I believe that there is a change that needs to happen at the level of day-to-day social dynamics. There seems to be much more pressure on women than on men to stay home, take care of their kids, perhaps choose part-time jobs over full-time jobs, in order to accommodate for the needs of the family. The pressures are often implicit, and very subtle. For example, it is often the case that a woman hears comments “oh, poor child” when she works long hours, and perhaps cannot serve warm lunch at home for the kid. These sorts of comments are much more rare towards fathers.

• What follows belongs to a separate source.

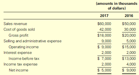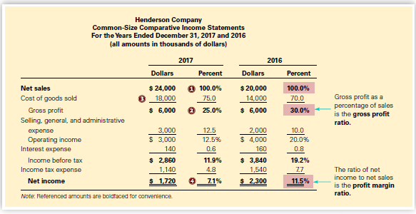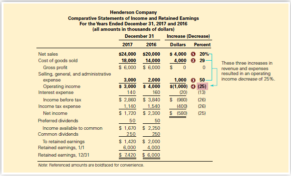 (amounts in thousands of dollars) 2017 2016 Sales revenue $60,000 $50,000 Cost of goods sold 42,000 30,000 Gross profit Selling and administrative expense $18,000 $20,000 9,000 5,000 Operating income $ 9,000 $15,000 Interest expense 2,000 2,000 Income before tax $ 7,000 $13,000 Income tax expense 2,000 4,000 Net income $ 5,000 $ 9,000 Henderson Company Common-Size Comparative Income Statements For the Years Ended December 31, 2017 and 2016 (all amounts in thousands of dollars) 2017 2016 Dollars Percent Dollars Percent $ 24,000 в 18,000 $ 6,000 $ 20,000 14,000 $ 6,000 Net sales e 100.0% 100.0% Gross profit as a percentage of sales is the gross profit ratio. Cost of goods sold 75.0 70.0 Gross profit e 25.0% 30.0% Selling, general, and administrative 2,000 $ 4,000 160 expense 3,000 12.5 10.0 Operating income $ 3,000 12.5% 20.0% Interest expense 140 0.6 0.8 $ 2,860 1,140 $ 3,840 Income before tax 11.9% 19.2% Income tax expense 4.8 1,540 77 The ratio of net income to net sales is the profit margin ratio. Net income 1,720 7.1% $ 2,300 11.5% Note: Referenced amounts are boldfaced for convenience. Henderson Company Comparative Statements of Income and Retained Eamings For the Years Ended December 31, 2017 and 2016 (all amounts in thousands of dollars) December 31 Increase (Decrease) 2017 2016 Dollars Percent $ 4,000 0 20%- 4,000 0 29 Net sales $24,000 $20,000 Cost of goods sold Gross profit Selling, general, and administrative 18,000 $ 6,000 14,000 $ 6,000 These three increases in revenue and expenses resulted in an operating 3,000 2,000 income decrease of 25%. 1,000 e 50- S(1,000) O (25) (20) expense $ 3,000 $ 4,000 Operating income Interest expense 140 160 (13) Income before tax $ 2,860 $ 3,840 $ (980) (26) Income tax expense 1,140 1,540 (400 (26) Net income $ 1,720 $ 2,300 $ (580) (25) Preferred dividends 50 50 $ 1,670 250 $ 2,250 250 Income available to common Common dividends $ 1,420 To retained earnings Retained earnings, 1/1 $ 2,000 4,000 $ 6,000 6,000 Retained earnings, 12/31 S 7420 Note: Referenced amounts are boldfaced for convenlence.

Such implicit subtle social pressures and expectations make women often feel guilty for dedicating much time to work, and, in end effect, they are more likely to choose to slow down their career pace or give it up altogether. A change in these subtle implicit attitudes needs to happen through early educational campaigns – perhaps already at the level of elementary schools. Moreover, we need to avoid implicit biases in, for example, commercials that represent women in what used to be traditional female jobs (or at home), while men are represented more often as higher-level professionals and academics.

                                             

What is the best advice you have ever received?

Follow your passion! I guess that is the best advice that can be given to anyone. When there is passion, there is also the energy to pursue that passion, despite the challenges and difficulties that arise along that journey. Academia is not an easy path, and requires a lot of perseverance, patience, ability to withstand difficulties, rejections, criticism. And it requires a lot of flexibility and readiness to accept uncertainty and unpredictability. In academia, one needs to often relocate (until the point that one is senior enough to get appointed on a permanent position – which happens quite late in life in the academic world), change environment, change countries of residence. Giving up on established social life, and finding a new one. This is all very difficult, and perhaps more difficult for women than for men. And it’s extremely challenging for family life. But if there is passion, everything is solvable, and challenges are faced with optimism and vision that spans way beyond the challenges.

                                                              

Tell us about your background     

My background is cognitive neuroscience and my research focuses on human-robot interaction from the human perspective. Specifically, I am interested if and how fundamental mechanisms of human social cognition are evoked by robots’ behaviour. I am a principal investigator at the Italian Institute of Technology in Genoa, where I lead the team “Social Cognition in Human-Robot Interaction”.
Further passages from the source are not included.